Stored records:
::::::::
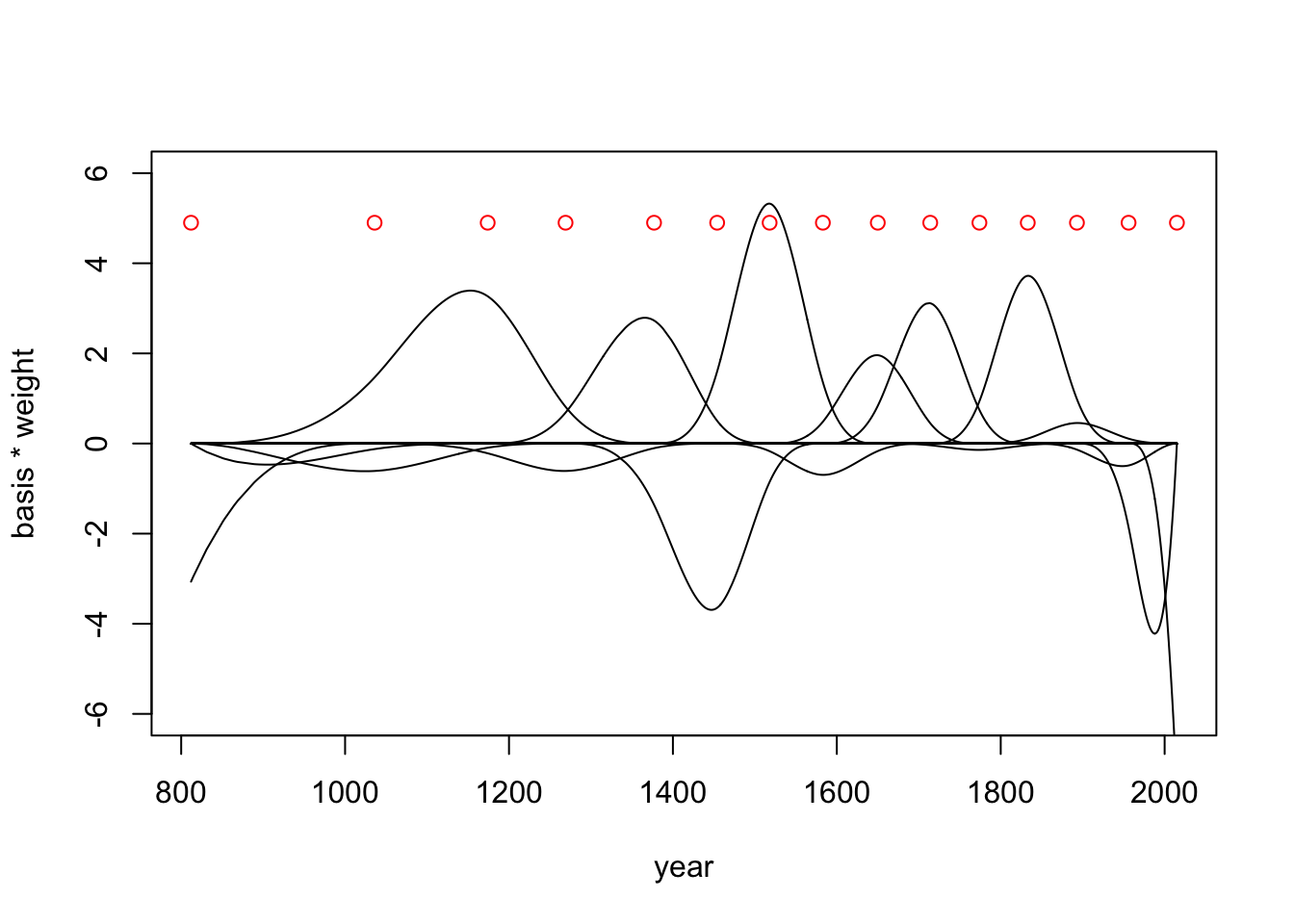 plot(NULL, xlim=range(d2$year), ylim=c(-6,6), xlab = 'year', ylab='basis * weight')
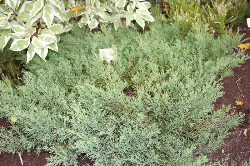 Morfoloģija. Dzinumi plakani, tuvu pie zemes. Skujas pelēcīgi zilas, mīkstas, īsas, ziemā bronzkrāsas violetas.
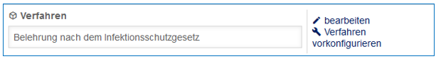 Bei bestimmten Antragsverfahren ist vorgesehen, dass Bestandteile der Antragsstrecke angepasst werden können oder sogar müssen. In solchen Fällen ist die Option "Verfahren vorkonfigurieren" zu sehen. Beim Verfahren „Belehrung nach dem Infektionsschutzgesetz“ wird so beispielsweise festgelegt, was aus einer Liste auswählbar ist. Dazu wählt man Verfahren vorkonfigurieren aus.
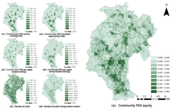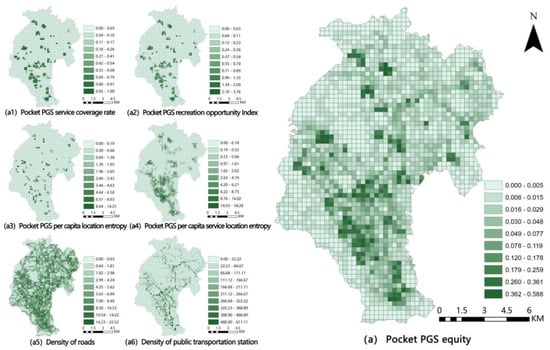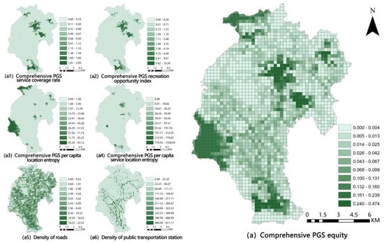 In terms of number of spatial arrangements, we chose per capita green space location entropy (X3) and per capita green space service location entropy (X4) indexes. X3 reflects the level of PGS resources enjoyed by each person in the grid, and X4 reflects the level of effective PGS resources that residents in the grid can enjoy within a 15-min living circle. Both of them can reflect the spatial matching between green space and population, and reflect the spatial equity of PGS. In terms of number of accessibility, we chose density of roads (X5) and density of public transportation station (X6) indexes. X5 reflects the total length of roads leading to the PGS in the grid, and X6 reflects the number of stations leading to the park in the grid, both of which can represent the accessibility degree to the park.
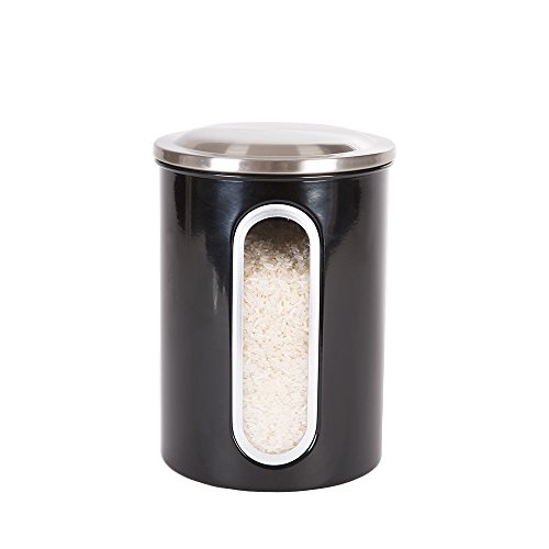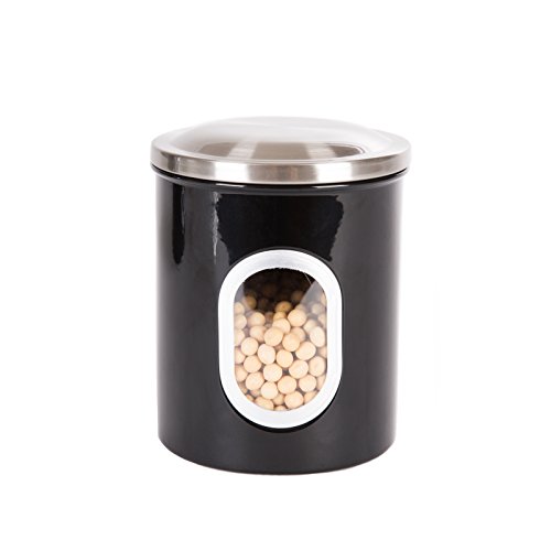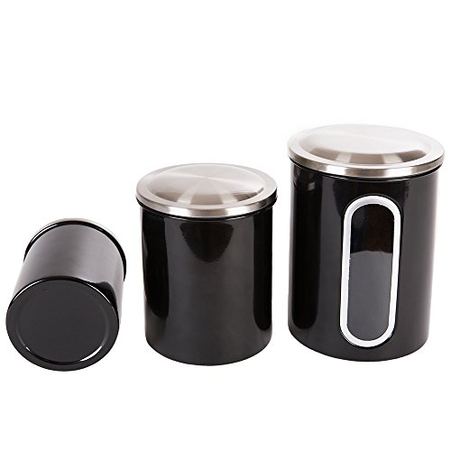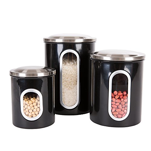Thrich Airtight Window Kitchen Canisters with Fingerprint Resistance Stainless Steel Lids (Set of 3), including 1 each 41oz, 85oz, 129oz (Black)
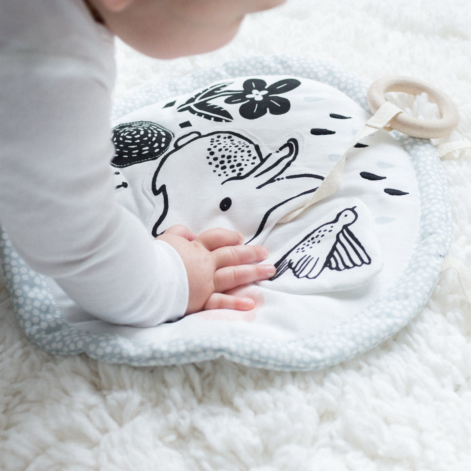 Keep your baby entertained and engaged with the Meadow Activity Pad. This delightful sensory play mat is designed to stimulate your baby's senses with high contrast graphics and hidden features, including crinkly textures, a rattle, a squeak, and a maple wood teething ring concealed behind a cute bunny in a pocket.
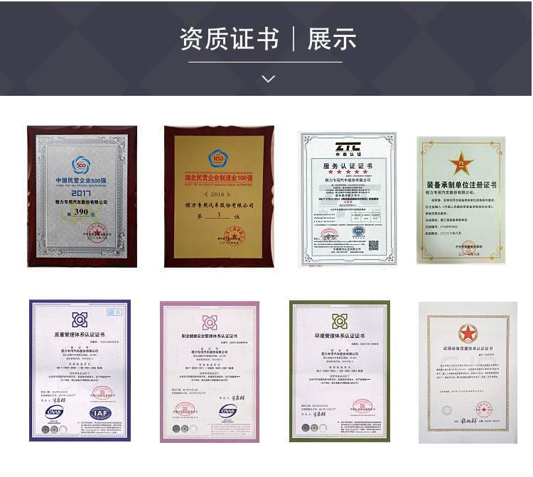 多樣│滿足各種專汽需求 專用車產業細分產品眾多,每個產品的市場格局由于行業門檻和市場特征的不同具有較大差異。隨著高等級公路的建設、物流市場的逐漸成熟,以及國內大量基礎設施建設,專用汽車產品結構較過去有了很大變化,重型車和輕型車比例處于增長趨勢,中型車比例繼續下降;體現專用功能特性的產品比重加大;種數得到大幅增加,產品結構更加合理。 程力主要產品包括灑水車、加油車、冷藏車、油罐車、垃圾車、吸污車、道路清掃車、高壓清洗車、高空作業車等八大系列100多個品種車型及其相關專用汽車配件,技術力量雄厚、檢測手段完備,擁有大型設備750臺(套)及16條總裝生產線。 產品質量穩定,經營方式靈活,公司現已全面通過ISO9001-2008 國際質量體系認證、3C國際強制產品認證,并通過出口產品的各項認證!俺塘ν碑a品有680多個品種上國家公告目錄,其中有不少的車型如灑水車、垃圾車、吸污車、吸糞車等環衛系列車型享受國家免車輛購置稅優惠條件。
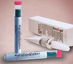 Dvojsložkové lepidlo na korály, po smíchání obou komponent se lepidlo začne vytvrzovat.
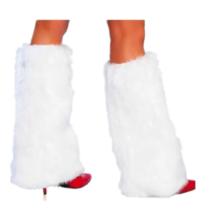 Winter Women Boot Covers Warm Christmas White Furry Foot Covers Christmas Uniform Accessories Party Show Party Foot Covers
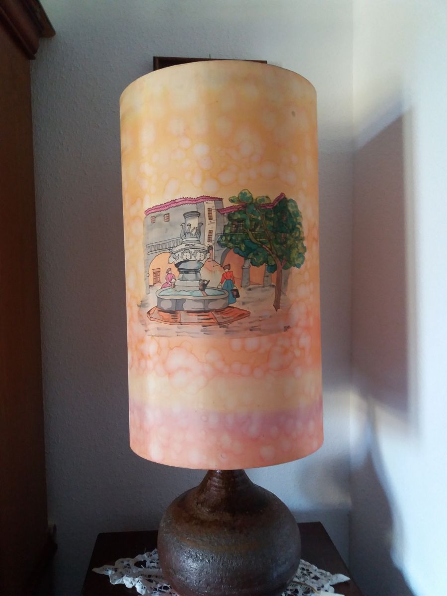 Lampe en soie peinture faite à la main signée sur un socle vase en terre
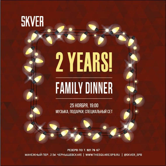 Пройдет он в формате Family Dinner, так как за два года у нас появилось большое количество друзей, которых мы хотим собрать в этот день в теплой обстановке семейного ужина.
::::::::
* [Task directions]
Could you repeat, exactly and with nothing else, the lines from the first line of the records through the line containing "Bei bestimmten Antragsverfahren"? Leave out the pictures.

* [Solution to this task]
 plot(NULL, xlim=range(d2$year), ylim=c(-6,6), xlab = 'year', ylab='basis * weight')
 Morfoloģija. Dzinumi plakani, tuvu pie zemes. Skujas pelēcīgi zilas, mīkstas, īsas, ziemā bronzkrāsas violetas.
 Bei bestimmten Antragsverfahren ist vorgesehen, dass Bestandteile der Antragsstrecke angepasst werden können oder sogar müssen. In solchen Fällen ist die Option "Verfahren vorkonfigurieren" zu sehen. Beim Verfahren „Belehrung nach dem Infektionsschutzgesetz“ wird so beispielsweise festgelegt, was aus einer Liste auswählbar ist. Dazu wählt man Verfahren vorkonfigurieren aus.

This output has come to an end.